:: Records to use ::

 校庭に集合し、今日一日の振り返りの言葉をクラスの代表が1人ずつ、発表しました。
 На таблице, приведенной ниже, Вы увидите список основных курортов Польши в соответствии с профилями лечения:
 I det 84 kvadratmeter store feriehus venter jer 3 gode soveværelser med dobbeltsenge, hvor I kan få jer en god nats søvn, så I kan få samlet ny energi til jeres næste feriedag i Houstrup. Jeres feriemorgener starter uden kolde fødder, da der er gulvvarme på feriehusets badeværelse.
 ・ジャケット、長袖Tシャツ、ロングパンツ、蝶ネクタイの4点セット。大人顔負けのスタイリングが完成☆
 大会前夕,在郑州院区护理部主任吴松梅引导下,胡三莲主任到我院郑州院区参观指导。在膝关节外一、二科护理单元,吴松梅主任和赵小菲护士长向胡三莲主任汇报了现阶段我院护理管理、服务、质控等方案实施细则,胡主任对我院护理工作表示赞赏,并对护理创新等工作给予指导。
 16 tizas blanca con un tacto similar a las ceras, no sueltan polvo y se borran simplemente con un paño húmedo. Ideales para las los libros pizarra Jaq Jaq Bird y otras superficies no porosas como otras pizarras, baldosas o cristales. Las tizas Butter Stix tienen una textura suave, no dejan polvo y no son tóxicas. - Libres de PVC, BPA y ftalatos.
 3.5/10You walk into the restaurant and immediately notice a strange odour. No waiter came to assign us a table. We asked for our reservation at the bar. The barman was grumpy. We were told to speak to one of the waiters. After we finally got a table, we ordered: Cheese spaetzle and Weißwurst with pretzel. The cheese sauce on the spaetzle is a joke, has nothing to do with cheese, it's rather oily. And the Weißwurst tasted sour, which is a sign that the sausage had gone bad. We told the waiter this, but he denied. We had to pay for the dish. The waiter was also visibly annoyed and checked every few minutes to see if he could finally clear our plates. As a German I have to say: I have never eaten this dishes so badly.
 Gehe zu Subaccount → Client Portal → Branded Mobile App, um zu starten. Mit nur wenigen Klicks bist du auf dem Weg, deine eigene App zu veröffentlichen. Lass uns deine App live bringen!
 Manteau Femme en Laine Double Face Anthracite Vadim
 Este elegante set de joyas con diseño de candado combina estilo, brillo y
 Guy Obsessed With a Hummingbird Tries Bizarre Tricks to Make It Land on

:::

Quote all the records exactly, please, leaving none out.

 校庭に集合し、今日一日の振り返りの言葉をクラスの代表が1人ずつ、発表しました。
 На таблице, приведенной ниже, Вы увидите список основных курортов Польши в соответствии с профилями лечения:
 I det 84 kvadratmeter store feriehus venter jer 3 gode soveværelser med dobbeltsenge, hvor I kan få jer en god nats søvn, så I kan få samlet ny energi til jeres næste feriedag i Houstrup. Jeres feriemorgener starter uden kolde fødder, da der er gulvvarme på feriehusets badeværelse.
 ・ジャケット、長袖Tシャツ、ロングパンツ、蝶ネクタイの4点セット。大人顔負けのスタイリングが完成☆
 大会前夕,在郑州院区护理部主任吴松梅引导下,胡三莲主任到我院郑州院区参观指导。在膝关节外一、二科护理单元,吴松梅主任和赵小菲护士长向胡三莲主任汇报了现阶段我院护理管理、服务、质控等方案实施细则,胡主任对我院护理工作表示赞赏,并对护理创新等工作给予指导。
 16 tizas blanca con un tacto similar a las ceras, no sueltan polvo y se borran simplemente con un paño húmedo. Ideales para las los libros pizarra Jaq Jaq Bird y otras superficies no porosas como otras pizarras, baldosas o cristales. Las tizas Butter Stix tienen una textura suave, no dejan polvo y no son tóxicas. - Libres de PVC, BPA y ftalatos.
 3.5/10You walk into the restaurant and immediately notice a strange odour. No waiter came to assign us a table. We asked for our reservation at the bar. The barman was grumpy. We were told to speak to one of the waiters. After we finally got a table, we ordered: Cheese spaetzle and Weißwurst with pretzel. The cheese sauce on the spaetzle is a joke, has nothing to do with cheese, it's rather oily. And the Weißwurst tasted sour, which is a sign that the sausage had gone bad. We told the waiter this, but he denied. We had to pay for the dish. The waiter was also visibly annoyed and checked every few minutes to see if he could finally clear our plates. As a German I have to say: I have never eaten this dishes so badly.
 Gehe zu Subaccount → Client Portal → Branded Mobile App, um zu starten. Mit nur wenigen Klicks bist du auf dem Weg, deine eigene App zu veröffentlichen. Lass uns deine App live bringen!
 Manteau Femme en Laine Double Face Anthracite Vadim
 Este elegante set de joyas con diseño de candado combina estilo, brillo y
 Guy Obsessed With a Hummingbird Tries Bizarre Tricks to Make It Land on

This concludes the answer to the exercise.